Infrastructure and Parameters
We used AWS t2.2xlarge instances to test our software. Here is the technical description of the platform:
We used up to 8 such instances in multi-node tests. The cluster is connected with AWS standard VPC.
To achieve the speedup below, the bootstrapping numbers we used can be found here .
OpenMP Performance
16 x 16 Sudoku | 25 x 25 Sudoku |
We tested our OpenMP version solver on one AWS t2.2xlarge instance. We experimented with 2, 4, 6 and 8 threads to check its speedup.
Our implementation for the OpenMP version achieves sublinear to linear speedup. Especially for complex Sudoku puzzles, the speedup is linear, which meets our expectation. For easier problems, the speedup is not as good, but still impressive.
MPI + OpenMP Performance
Speedup of Shuffle vs No Shuffle
AWS t2.2xlarge instances are used for testing the MPI version. Here we tried 2, 4 and 8 nodes with 8 threads on each node to check the impact of shuffling.
Without shuffling, the speedup of MPI plus OpenMP version varies a lot. We observe high correlation between speedup and problem solving path, we will discuss it in detail in the last section on this page. Shuffling greatly improves the speedup. In the best case scenario, the speedup jumps from 31 to 52.
Effect of Shuffling and Dynamic Scheduling
We tested different settings of our MPI+OpenMP version Sudoku solver on 8 AWS t2.2xlarge instances. Each node has 8 threads.
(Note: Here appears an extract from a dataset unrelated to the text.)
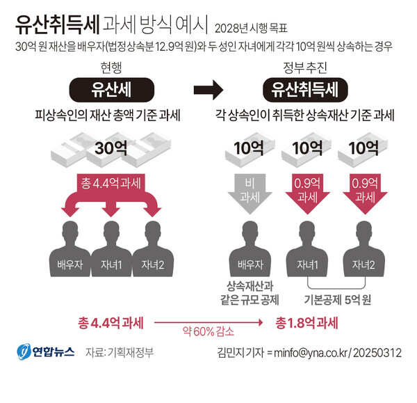 1. ‘유산취득세’ 연내 입법, 2028년 시행…상속세 면세점, 現 10억→최소 20억

In general, we observed that dynamic scheduling without shuffling yields the highest speedup. Dynamic scheduling with shuffling is better than static scheduling with shuffling for simpler problems. Static scheduling with shuffling tends to perform well for complex problems.
Discussion
Our serial solver guarantees to find a solution but is very slow in terms of the execution time. Achieving good speedup will help us to find solutions in a much shorter amount of time. The main difficulty in parallelizing the Sudoku solver is balancing the workload assigned to each worker. Our bootstrapping methods tends to push partially filled boards with similar solving complexity to adjacent places in the queue. Therefore, it is very likely that some worker will finish the work faster than the others and becomes idle, which jeopardizes the performance of our parallelized solver. OpenMP can do load balancing rather easily by setting the running schedule to dynamic. However, MPI does not have such functionality as a built-in. In order to achieve similar effect, we first attempted to shuffle the queue of boards before dispatching to each worker node. It greatly improves the performance but the speedup is still not ideal. We then implemented dynamic scheduling for the MPI version by sacrificing our master node to constantly query the status of slave nodes. The master node will assign new jobs to the slave nodes once it becomes idle. As you can see on the plot above, MPI dynamic scheduling produces the best performance. Please do not forget that essentially only 7 nodes are working in the dynamic scheduling case. It is very impressive that dynamic scheduling can outperform the other settings. The speedup is not linear mostly due to the high communication costs between the nodes. Adding shuffling to MPI dynamic scheduling slows our parallelized solver. The main reason is that shuffling and dynamic scheduling have similar functionalities. Dynamic scheduling already solved the problem of load balancing, and shuffling cannot do more. Furthermore, it takes time to shuffle the queue, and the shuffling can only be done in serial.